## PROBLEM STATEMENT
In the records that follow, find the line containing "il tema del" and the line containing "1932 GEORGE WASHINGTON", then transcribe both and every line between them exactly, omitting pictures.
---------- EXERCISE DATA
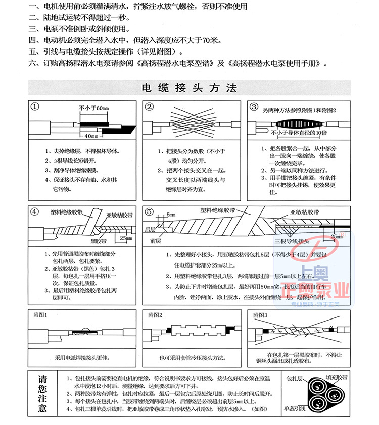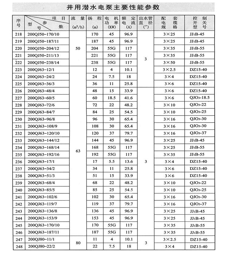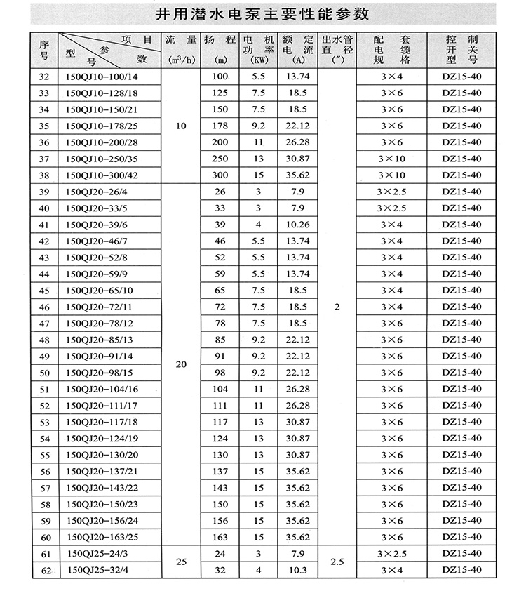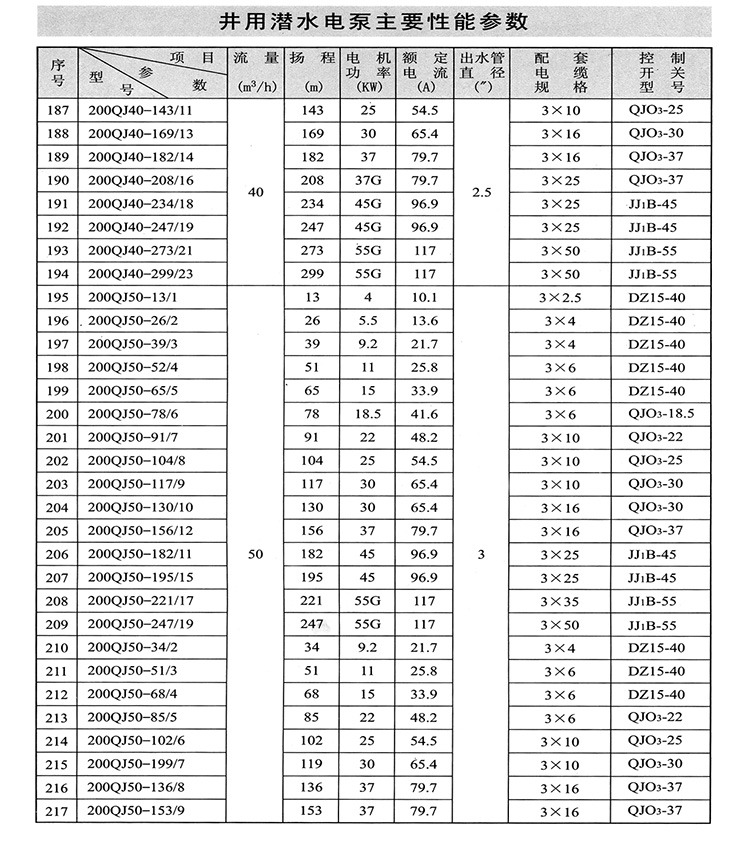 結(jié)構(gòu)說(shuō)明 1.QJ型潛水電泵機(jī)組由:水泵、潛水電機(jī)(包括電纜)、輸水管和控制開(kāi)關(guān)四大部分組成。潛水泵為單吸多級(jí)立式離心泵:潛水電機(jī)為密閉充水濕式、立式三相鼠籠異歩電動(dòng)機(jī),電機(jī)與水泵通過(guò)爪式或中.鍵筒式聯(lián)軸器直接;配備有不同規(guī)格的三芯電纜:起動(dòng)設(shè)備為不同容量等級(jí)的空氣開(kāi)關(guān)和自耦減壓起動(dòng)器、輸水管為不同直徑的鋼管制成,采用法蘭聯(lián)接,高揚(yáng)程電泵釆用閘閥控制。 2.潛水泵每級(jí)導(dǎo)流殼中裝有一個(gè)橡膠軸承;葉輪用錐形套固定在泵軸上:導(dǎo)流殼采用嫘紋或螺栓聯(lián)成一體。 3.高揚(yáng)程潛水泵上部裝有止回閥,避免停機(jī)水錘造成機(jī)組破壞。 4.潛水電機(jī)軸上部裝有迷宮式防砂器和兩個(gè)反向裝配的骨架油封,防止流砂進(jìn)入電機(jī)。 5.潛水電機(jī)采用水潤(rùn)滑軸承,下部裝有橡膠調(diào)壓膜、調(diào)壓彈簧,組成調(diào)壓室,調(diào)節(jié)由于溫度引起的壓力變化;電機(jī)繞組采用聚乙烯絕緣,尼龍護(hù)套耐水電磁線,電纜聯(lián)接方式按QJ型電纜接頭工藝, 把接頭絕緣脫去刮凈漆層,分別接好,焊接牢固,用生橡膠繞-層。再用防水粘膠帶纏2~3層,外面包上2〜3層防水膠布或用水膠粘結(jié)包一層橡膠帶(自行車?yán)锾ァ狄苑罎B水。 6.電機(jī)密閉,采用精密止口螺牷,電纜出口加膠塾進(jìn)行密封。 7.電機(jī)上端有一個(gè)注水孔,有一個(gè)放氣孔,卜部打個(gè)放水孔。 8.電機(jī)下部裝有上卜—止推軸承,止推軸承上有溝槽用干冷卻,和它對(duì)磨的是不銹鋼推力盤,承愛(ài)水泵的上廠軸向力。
--------------------
---------- EXERCISE DATA
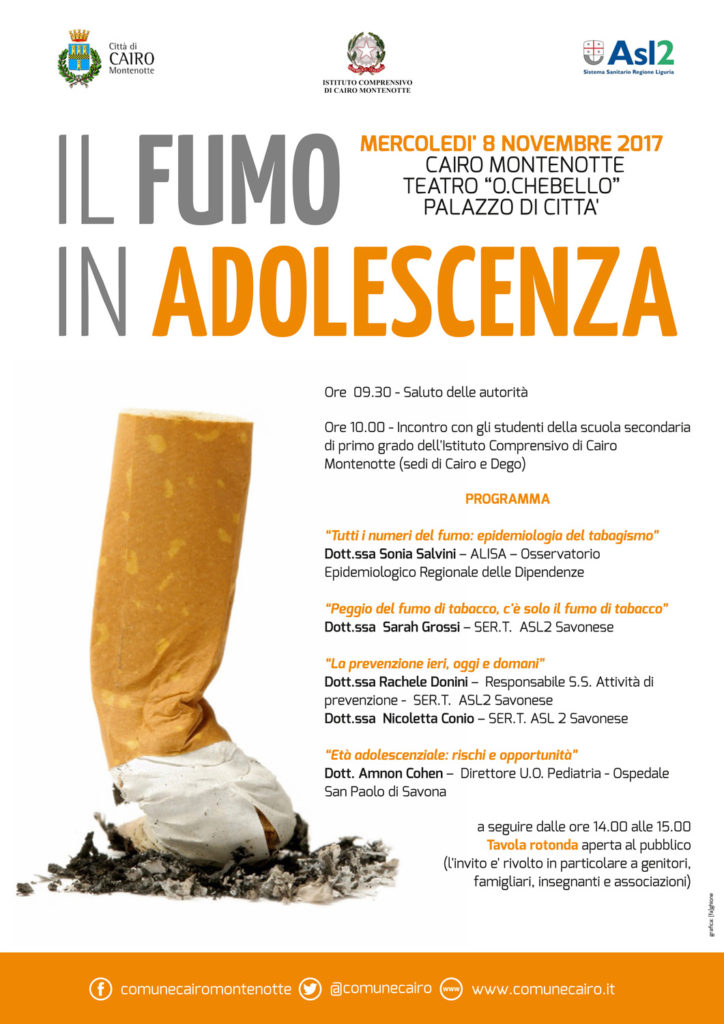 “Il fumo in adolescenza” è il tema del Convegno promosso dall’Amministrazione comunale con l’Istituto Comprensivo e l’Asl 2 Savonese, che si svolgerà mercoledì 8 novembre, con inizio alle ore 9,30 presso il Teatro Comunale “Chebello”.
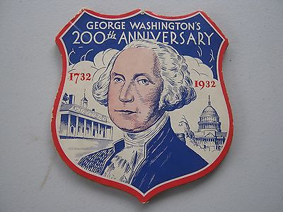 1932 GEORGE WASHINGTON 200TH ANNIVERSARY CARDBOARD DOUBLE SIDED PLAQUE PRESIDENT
--------------------
## OUTPUT FOR THIS TASK
 “Il fumo in adolescenza” è il tema del Convegno promosso dall’Amministrazione comunale con l’Istituto Comprensivo e l’Asl 2 Savonese, che si svolgerà mercoledì 8 novembre, con inizio alle ore 9,30 presso il Teatro Comunale “Chebello”.
 1932 GEORGE WASHINGTON 200TH ANNIVERSARY CARDBOARD DOUBLE SIDED PLAQUE PRESIDENT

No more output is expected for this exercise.